I recently heard a story on NPR about how here, in the state I live in, midwives cannot legally deliver a baby without the presence of a licensed doctor. And, of course, doctors never do attend homebirths because of how afraid they are of malpractice lawsuits.
Learning this surprised me at first, but then it does make sense. The area we live in is rich with medical resources, but the flip side of course is that everything is just so medicalized.

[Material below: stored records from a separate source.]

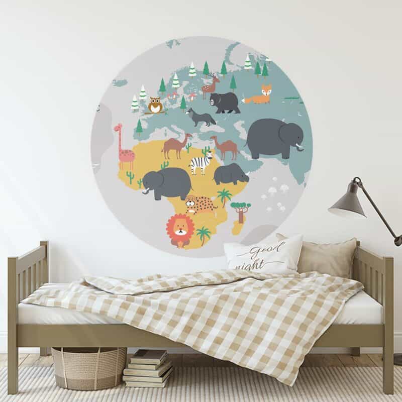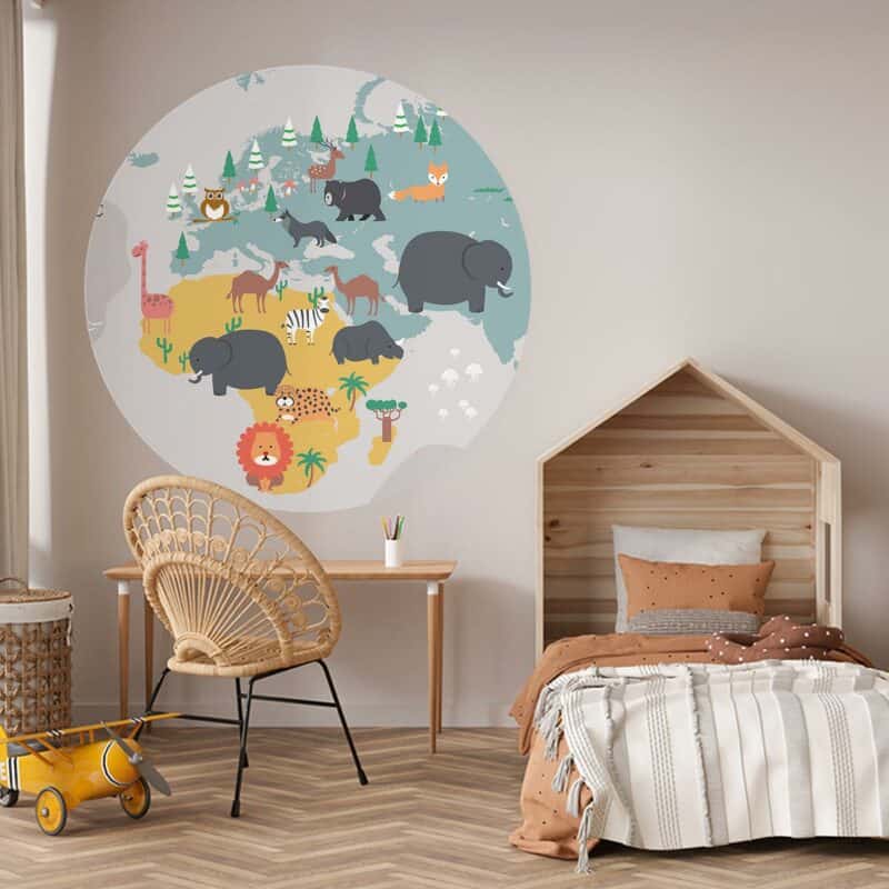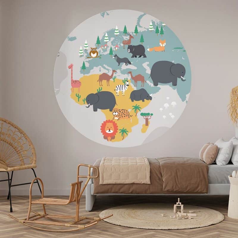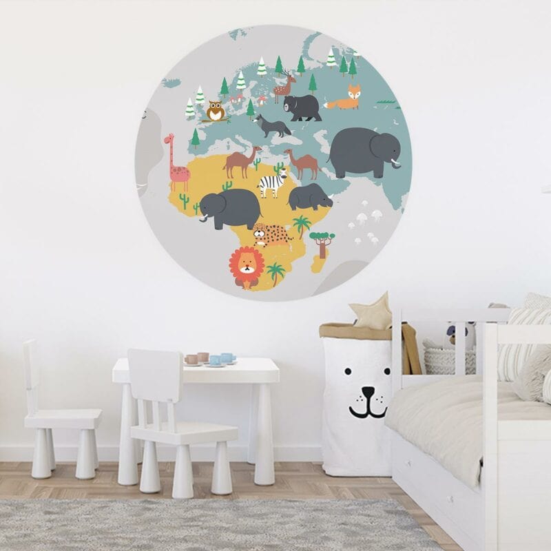 Met een behangcirkel (ook wel ronde muursticker genoemd) geef je de kinderkamer, babykamer, speelkamer of andere ruimte direct een nieuw en fris uiterlijk! Behangcirkel ‘Dieren wereldkaart’ wordt op een kwalitatief hoog materiaal geprint, waardoor het design en kleuren goed tot zijn recht komen. Ook zijn onze behangcirkels weer gemakkelijk te verwijderen, zonder lijmresten achter te laten op de muur.
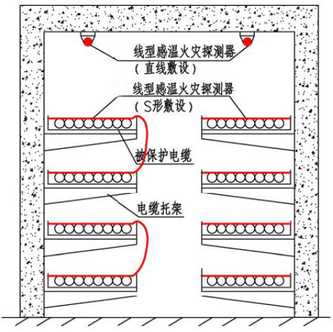 隧道內(nèi)應(yīng)沿電纜設(shè)置線型感溫火災(zāi)探測(cè)器,且在電纜接頭端子等發(fā)熱部位應(yīng)保證有效度;隧道內(nèi)設(shè)置的線型感溫火災(zāi)探測(cè)器可接入電氣火災(zāi)監(jiān)控系統(tǒng)。無(wú)外部火源進(jìn)入的電纜隧道應(yīng)在電纜層上表面設(shè)置線型感溫火災(zāi)探測(cè)器;有源入可能的電纜隧道在電纜層上表面和隧道頂部,均應(yīng)設(shè)置線型感溫火災(zāi)探測(cè)器。線型感溫火災(zāi)探測(cè)器采用“S”形布置或有外部火源進(jìn)入可能的電纜隧道內(nèi),能響應(yīng)火焰規(guī)模不大于100mm 的線型感溫火災(zāi)探測(cè)器。如圖3所示:
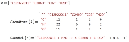 Hi Jean. The purpose of this post is to show the power of use the null space of the matrix of coefficients of a chemical reaction for get information about it, not just only balancing. For do that, because it is tedious to introduce by hand this matrix, I write a simple code for do that, with some limitations but it can handle one level of parenthesis and ions. Also isn't easy to transform a vector for the nulls space with norm one into an equivalent basis vector with integers, and there are not much literature about that, or I can't found it. I also present a robust way to get a valid answer in a lot of cases.
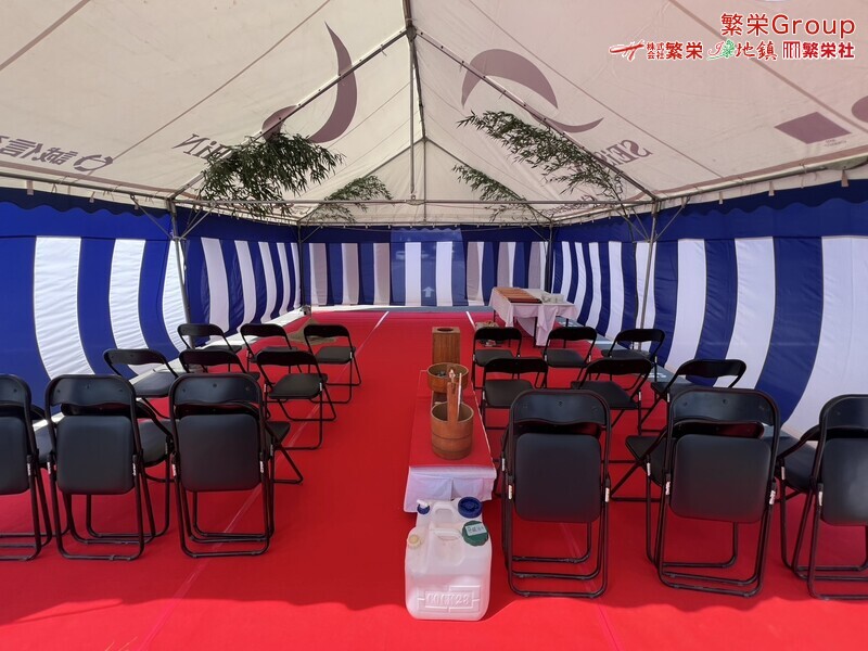 地鎮祭とは、建築工事や土木工事を行う前に、土地の神様を祀り、工事の安全や土地・ 建物の末永い安全を祈願する儀式です。 株式会社繁栄はテントレンタル・式典&地鎮祭レンタル・地鎮祭セット設営 地鎮祭テント・用品全般レンタル致します。

Still, this has not bothered us too much, since we have needed many different medical services at various points in the almost seven years we've been here, and we have been incredibly lucky to have such good resources and skilled doctors available.
But the news report did make me reflect on how different my children's two birth experiences were--for them, and for me as well. When pregnant with L. I flirted briefly with the idea of a homebirth, but my understanding of what it entailed didn't extend much past what I saw on the TLC show "A Baby Story." When it came down to it, both my husband and I decided fairly early on that we just didn't feel wholly comfortable with the idea of a homebirth (well, I didn’t feel wholly comfortable; my husband broke out in a cold sweat at the suggestion), but because there just wasn't a middle road available to us, we found ourselves having a completely antithetical experience--this, I suspect, happens to quite a few couples.
My son was born at a huge teaching hospital affiliated with the university where we were graduate students. He was also born at the beginning of July--a month when, I was later to find out, the new interns rotated through the birthing center. From the minute we checked in to the minute we checked out we were constantly surrounded by medical staff. There were ten people present in the room when I got my epidural, craning their necks for a good view of the needle slipping into the space between my spinal column and lower back. Each night following my delivery, a steady stream of interns and doctors paraded through my room, turning on my bedside lights to poke and prod at me. L., who inhaled meconium at birth, spent three days in the hospital NICU, his little plastic bassinet right under a bank of lights, and a noisy air vent, and with a nasty IV line snaking out from his beautiful, rounded newborn head. Even our first attempts at nursing were carried out under the watchful eyes of several NICU nurses, who kept a stash of tiny formula bottles on the shelf right next to the glider, and who clucked with concern constantly at L.'s reluctance to latch on.
My daughter, however, was born in a different state, at a small community hospital (one that has since been swallowed up by a major giant of a hospital). No one bothered me at night at all while I recovered there. T. was with me throughout; the first sounds she heard were our voices, the first touches our hands, as we cradled her, swaddled her, and as she nursed, her little hands opening and closing against her cheeks.
It never ceases to strike me as fundamentally ironic that my first-born, who was and is always the high-needs child, who is so sensitive to all aspects of his environment and so easily thrown off-kilter by the presence of people around him, was born into such hospital world, and that for his first three days of his life he spent much time lying on his back, sucking his fingers, and squinting at the white glare around him, and at the endless circles of strange faces that came and went. And my daughter, our little social extrovert and charmer, the one who leaps with both feet into every new situation, was born at that sleepy little community hospital, where the nurses called me honey, and left us alone, she and I, to discover each other in the quiet of a sunlit room.
Maybe we are shaped more than we think by those first few precious minutes, or hours, or days after birth; maybe our beginnings are not so incidental, after all, but instead leave their imprint on us in ways we can’t imagine.